Index. 36 pp. About the Author. Jonathan Nitzan teaches political economy at York University in Toronto. Shimshon Bichler teaches political economy at colleges and universities in Israel. [Additional information. Jonathan Nitzan and Shimshon Bichler are also the authors of Capital as Power: A Study of Order and Creorder (Routledge, 2009, xxvi + 438pp.; available on web in .pdf). They maintain an archive of work on the website of York University where about 20 reviews of The Global Political Economy of Israel can be consulted, along with much other material, including the complete text of their most recent book (http://bnarchives.yorku.ca/).] [Critique. Roll over, Marx & Engels, and tell Maynard Keynes the news: Nitzan & Bichler are here! This is a controversial book, but there is no shortage of informed commentators to bestow superlatives upon it. — The Global Political Economy of Israel delivers much more than its title promises. Chapters 1, 2, 4, and 5 (about a third of the book) are general discussions of capital, differential accumulation, stagflation, and the economics of imperialism, respectively.

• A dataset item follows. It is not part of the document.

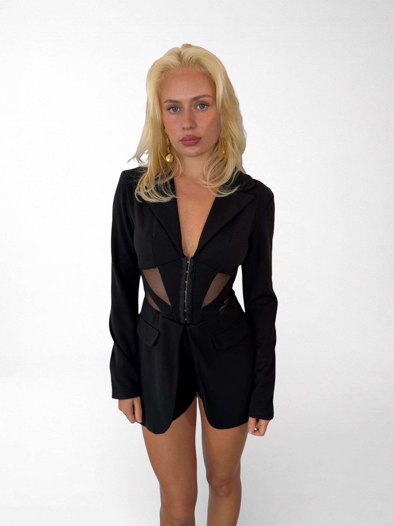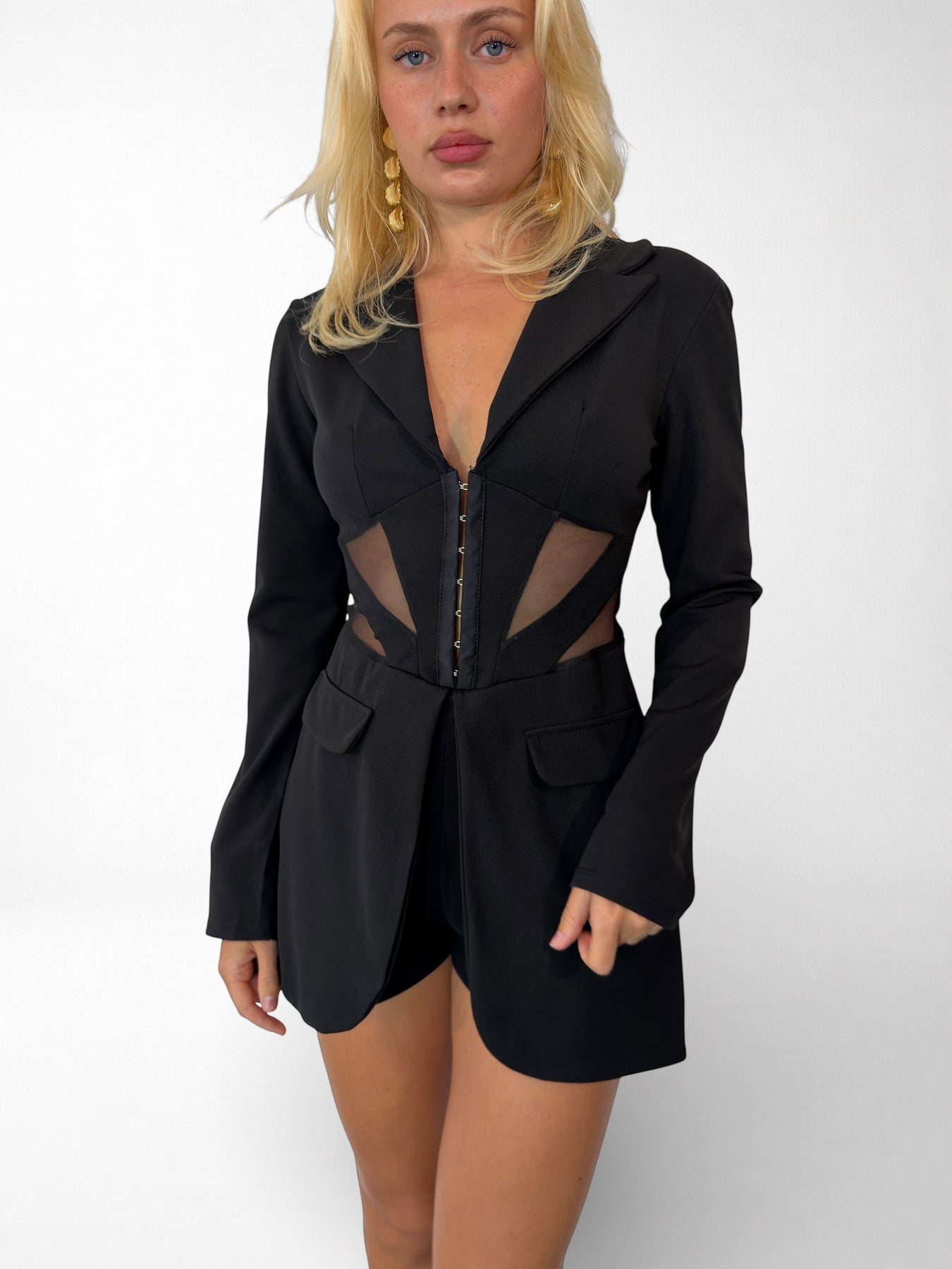 Mono Carlota: la prenda que desafía la convención. Confeccionado en Italia con un tejido elástico de poliéster y elastano, lleva hombreras, este mono abraza tu cuerpo con libertad y movimiento. Cierre de ganchos que combina funcionalidad con un toque audaz, mientras que los falsos bolsillos mantienen las líneas limpias y sofisticadas. Diseñado para quien se atreve a destacar sin compromisos.
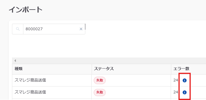 失敗した場合、エラー数の隣にあるアイコンからエラー内容を確認してください。

These discussions serve to ground the argument that economics of Israel obeys general principles, and is not, as is usually thought, a special case. (They are developed further in Capital as Power [2009].) — As practiced by Jonathan Nitzan and Shimshon Bichler, economics is not a dismal science. They write in lively prose that is not without humor; e.g.: "[C]apitalism got its first global push in the sixteenth century with the plundering of Caribbean gold, while the United States reached its global economic peak with a bootlegger family in the White House; so it seems only fitting for Israeli transnationalization to be led by heirs of a famous alcohol smuggler [Samuel Bronfman, 1889-1971]

and by cruise ship owners registered in the Caribbean [the Ofers]" (90). They name names and call a spade a spade. — In some parts densely technical (particularly in the discussion of inflation

and stagflation), in other parts journalistic (recent developments in Israeli politics and business), the book is always readable and well documented. Highly recommended.]